But we did learn this week of another serious miscalculation on the part of
USCIS that may be playing a role. According to a report in the Washington
Post, the USCIS issued 10,000 too many visas under last year’s quota of
65,000. According to the report, so many applications were filed at the last
minute that they were unable to get the numbers figured out until it was too
late. This is not the first or even the second time something
like this has happened. Certainly technology could be a solution. If the USCIS
moved to a true electronic filing system, they would more easily be able to log
cases against the quotas. The USCIS may argue that they are making rough
calculations on how many cases to accept based on the knowledge that not all
cases are approvable. But it would seem that an all electronic system would be a
part of the solution. If all cases were filed electronically and the USCIS could
see that the number of approved and filed cases combined added up to more than
65,000, they could then halt accepting applications and then open up the system
as pipeline cases are denied, applications are withdrawn and approved cases are
revoked by employers. Instead of using e-filing to help deal with the H-1B cap,
the USCIS shuts the system down as the cap is getting closer and during the
period after the cap is reached until the new quota opens up (which, by the way,
happens Friday of this week). That leads to an assortment of other problems in
addition to the counting problem. For example, our firm has been trying to file
a cap-exempt H-1B case this month that has been bounced twice because the USCIS
has not been able to properly calculate the filing fee. The agency has been
unable to get their hands around the issue that a case may be exempt from the
H-1B cap, yet not eligible for the waiver of the $1500/$750 worker retraining
fee. This has led to unnecessary delays and considerable additional labor on the
part of USCIS (not to mention our firm). A
well-designed e-filing system could easily have properly and instantaneously
accepted the case. The fear of people “rigging the system” and getting a
case properly into system via a cap exemption that really should be rejected is
presumably driving the USCIS decision to shut down the system for more than half
the year for H-1B applications. Yet an examiner is ultimately going to review
the case and if an application doesn’t really meet the cap exemption test, it
can be rejected anyway. Most employers are not going to be interested in filing
cases that are ultimately going to be denied given the extremely high costs
associated with filing H-1Bs – more than $3000 in government filing fees alone
for some employers before you even factor in the legal fees. The loss of the
filing fees is a powerful deterrent against employers simply
filing non-exempt applications to buy time. And presumably an employer that
cannot at least make a good faith argument supporting the cap exemption are
liable to be found guilty of visa fraud. In any case, USCIS needs vision in order to revise its
system to ensure it is meeting the intentions of Congress and providing
reliable, predictable and expeditious service to the public, E-Filing should be
seen as the centerpiece of such an overhaul rather than an inferior alternative
to paper filing that is tolerated by the agency merely because customers demand
it, ***** This coming week will be a critical one in Washington. Keep
an eye on the atrocious REAL ID bill that was stuck on the House Iraq funding
bill with no hearings or debate. REAL ID is known as the driver’s license bill
because it imposes standardization requirements on the states in order to ensure
undocumented immigrants can’t use licenses to get on planes, apply for federal
benefits, or otherwise use the license for anything with a nexus to the US
government. One can argue plenty about whether this new unfunded mandate on the
states does more harm to public safety than good. After all, terrorists can
probably get access to phony documents, but the untold numbers of undocumented
individuals who will avoid learning the rules of the road and becoming safe
drivers who will drive anyway will lead to the deaths of many, many Americans. But REAL ID also does much more and these under-publicized
provisions are truly scary. The worst is in the area of asylum petitions. REAL
ID would give an incredible amount of new discretion to immigration judges to
deny asylum cases where an applicant has proven a credible fear of persecution
but has any inconsistency – even a minor one – in the rest of their story.

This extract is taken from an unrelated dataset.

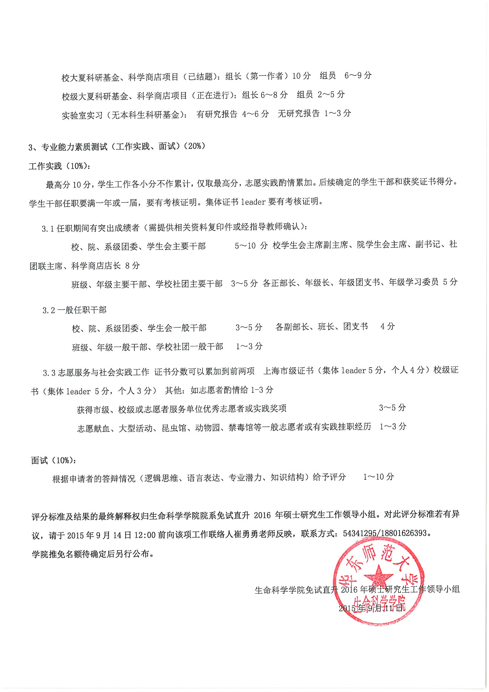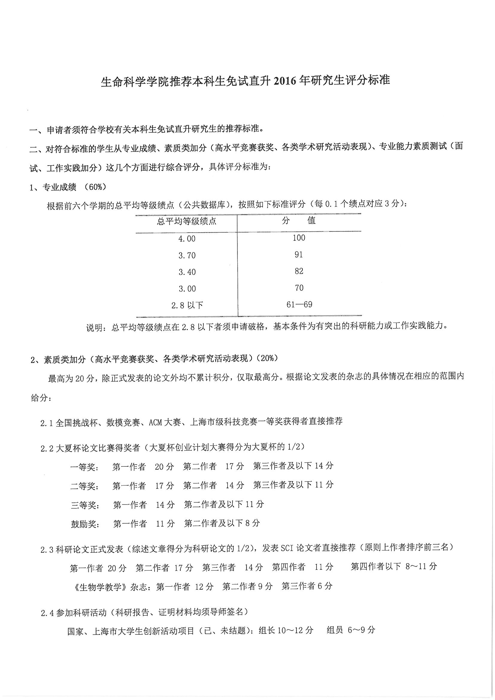 秀人网 推荐本科生免试直升2016年研究生评分标准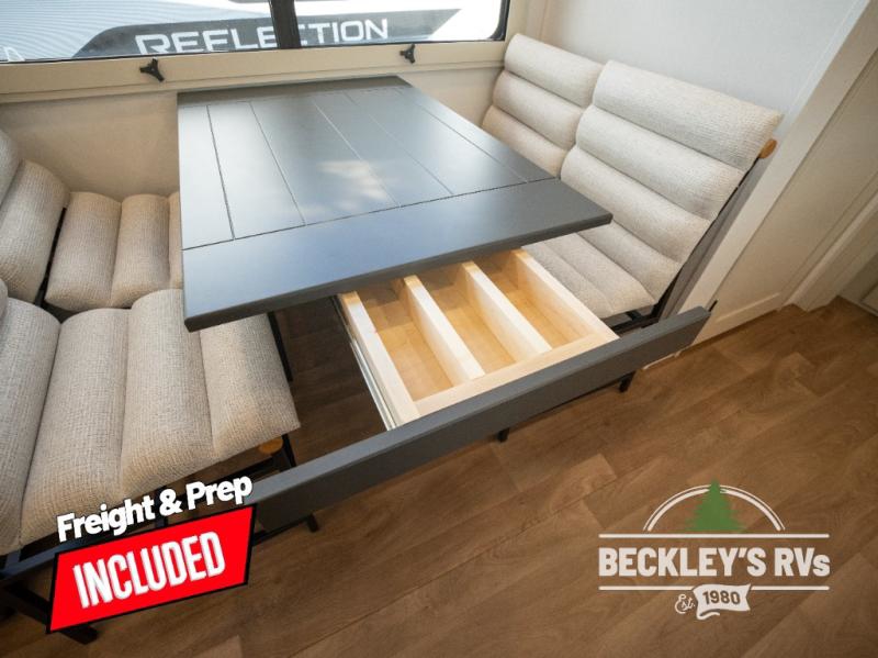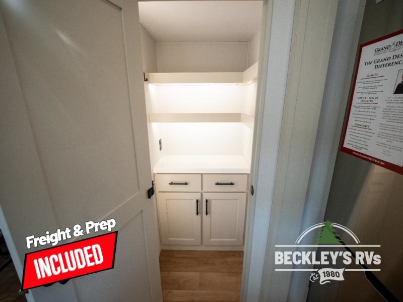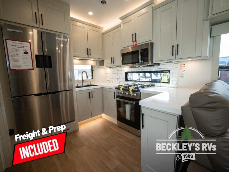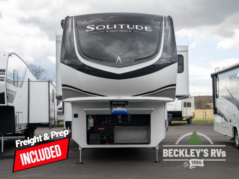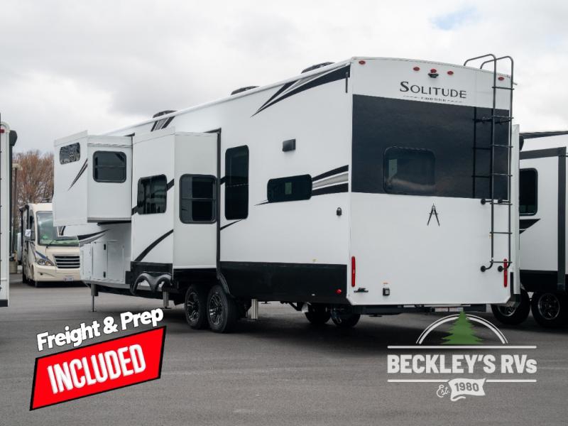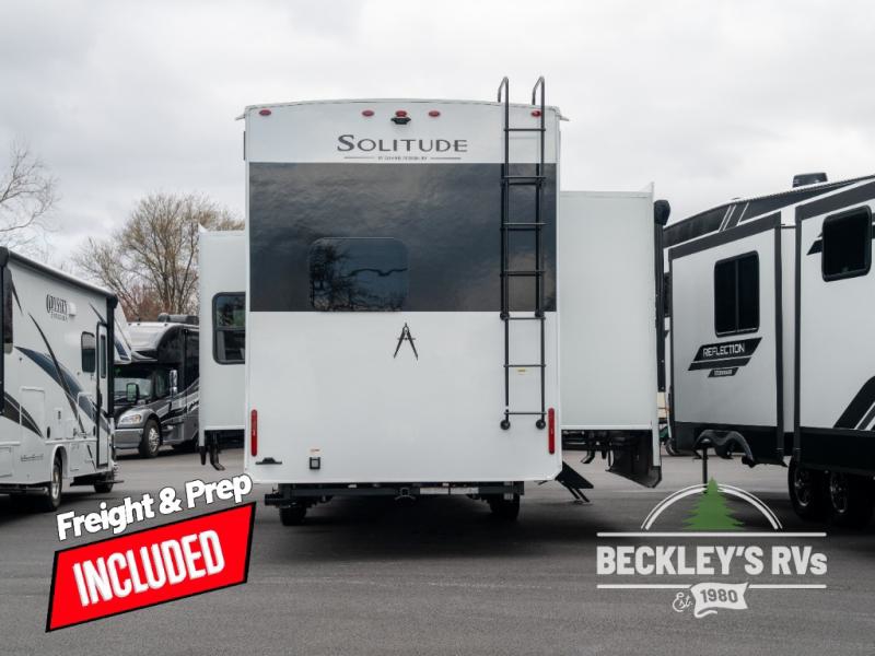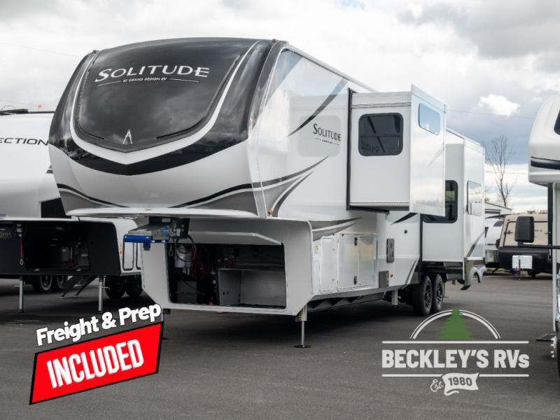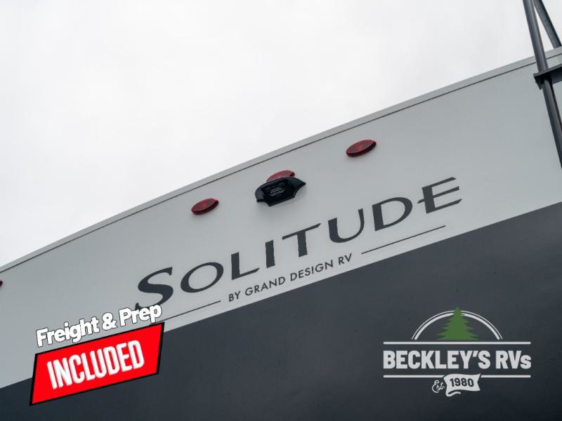 Each Solitude fifth wheel by Grand Design features a 101" wide-body construction, heavy duty 8,000 lb. axles, frameless tinted windows, and high-gloss gel coat sidewalls. You can camp year around thanks to the Weather-Tek Package that includes a 35K BTU high-capacity furnace, an all-in-one enclosed and heated utility center, and a fully enclosed underbelly with heated tanks and storage. Inside, you'll love the premium roller shades, hardwood cabinet doors, solid surface countertops, plus residential finishes throughout to make you truly feel at home. Each model also includes a MORryde CRE3000 suspension system, self adjusting brakes, and a MORryde pin box that will provide smooth towing from home to campground. Affordable luxury is possible with the Solitude fifth wheels; choose yours today!

This is a major shift in asylum law that even the bill’s supporters admit is
more about making it harder to get asylum than it is about security. The Senate takes up its version of the Iraq spending bill
next week. This would be a great time to let your Senators know that REAL ID is
a really bad idea. For more information, go to the web site of the American
Immigration Lawyers Association at www.aila.org.

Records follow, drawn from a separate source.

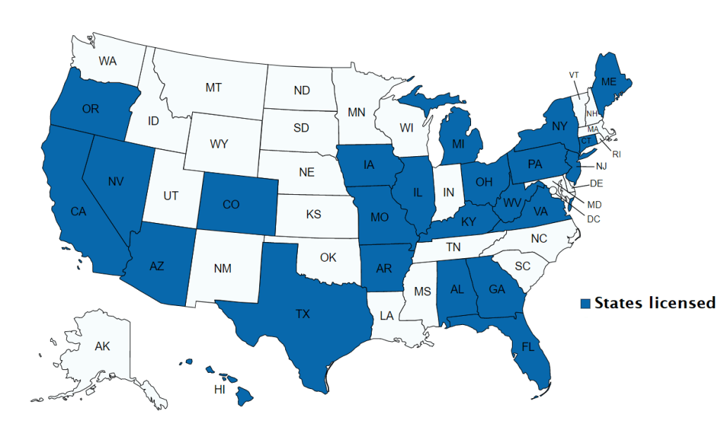 AL, AR, AZ, CA, CO, CT, FL, GA, HI, IA, IL, KY, ME, MI, MO, NJ, NV, NY, OH, OR, PA, TX, VA, WV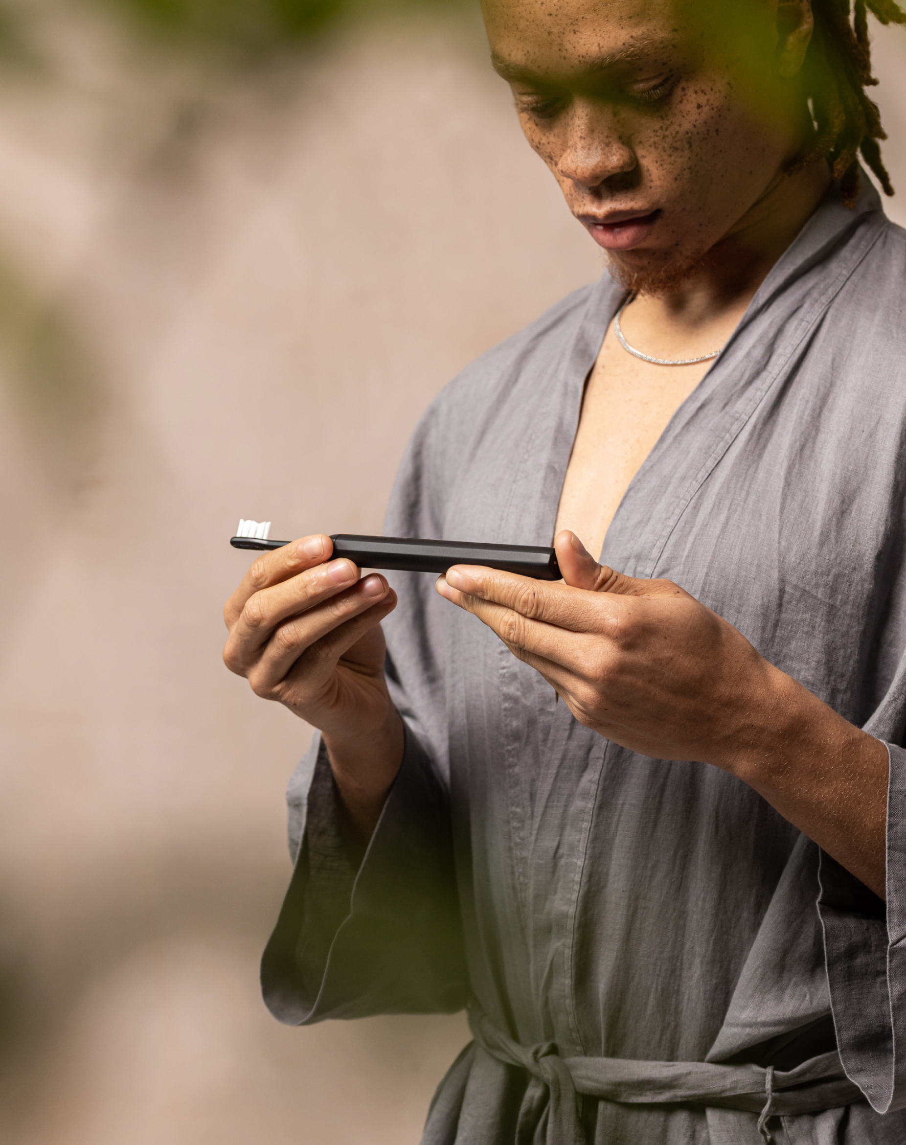 Our brush uses recyclable plant-based heads and bristles, the slim aluminium body is designed to be taken apart and repaired, all while delivering a dentist-approved clean.
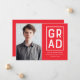 Simple, modern graduation announcements displaying the graduate's photo and "Grad" framed by a white rectangle with a red background (or colour of your choice. Personalise the front of the photo graduation announcement by adding the graduate's name, school name, and graduation year. The graduation announcement reverses to display a solid red background with space for additional photos and text.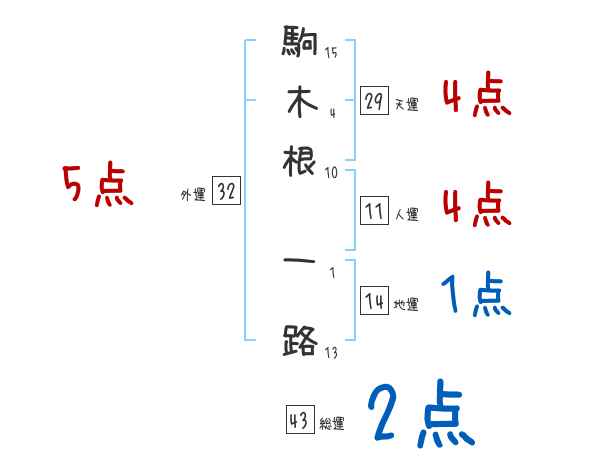 駒木根一路さんの画数の鑑定結果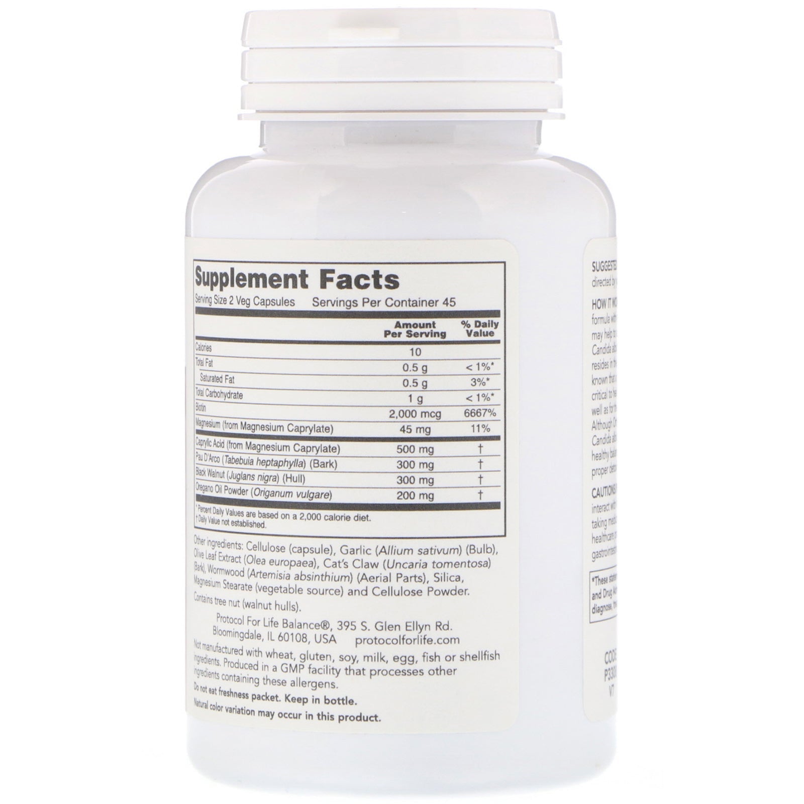 Serving Size: 2 Veg Capsules Serving Per Container: 45 Amount Per Serving %Daily Value Calories 10 Total Fat 0.5 g < 1%* Saturated Fat 0.5 g 3%* Total Carbohydrate 1 g < 1%* Biotin 2,000 mg 6667% Magnesium (from Magnesium Caprylate) 45 mg 11% Caprylic Acid (from Magnesium Caprylate) 500 mg † Pau D'Arco (Tabebuia heptaphylla) (Bark) 300 mg † Black Walnut (Juglans nigra) (Hull) 300 mg † Oregano Oil Powder (Origanum vulgare) 200 mg † *Percent Daily Values are based on a 2,000 calorie diet. † Daily Value not establishedDisclaimer

***** Our Memphis office is pleased to announce the addition of
attorney Bryant Stevenson. Bryant is a recent graduate of the Cumberland School
of Law in Birmingham, Alabama. He can be reached at bstevenson@visalaw2.com
and we’ll have his biography up on our web site soon. Welcome Bryant! ***** My favorite story this week involves Canadian uber-blogger
Jeremy Wright who was stopped at the border coming to the US for a blogging
conference. Wright was stripped searched and banned for several years from
entering the US. Why? Because DHS officials believe it is impossible to earn a
living from a blog. How backwards are our government officials that they were
not aware of the most important phenomenon on the Internet in the last few
years. Speaking as a person who owes the growth of a law firm from a solo
immigration practice to one of the nation’s largest almost entirely to the
web, I can assure DHS that they need to revisit the issue. The case raises the
serious problem at USCIS that government officials deciding cases everyday know
nothing about the businesses, professions and industries they are judging. ***** Finally, as always, we remind readers that we're lawyers
who make our living representing immigration clients and employers seeking to
comply with immigration laws. We would love to discuss becoming your law firm.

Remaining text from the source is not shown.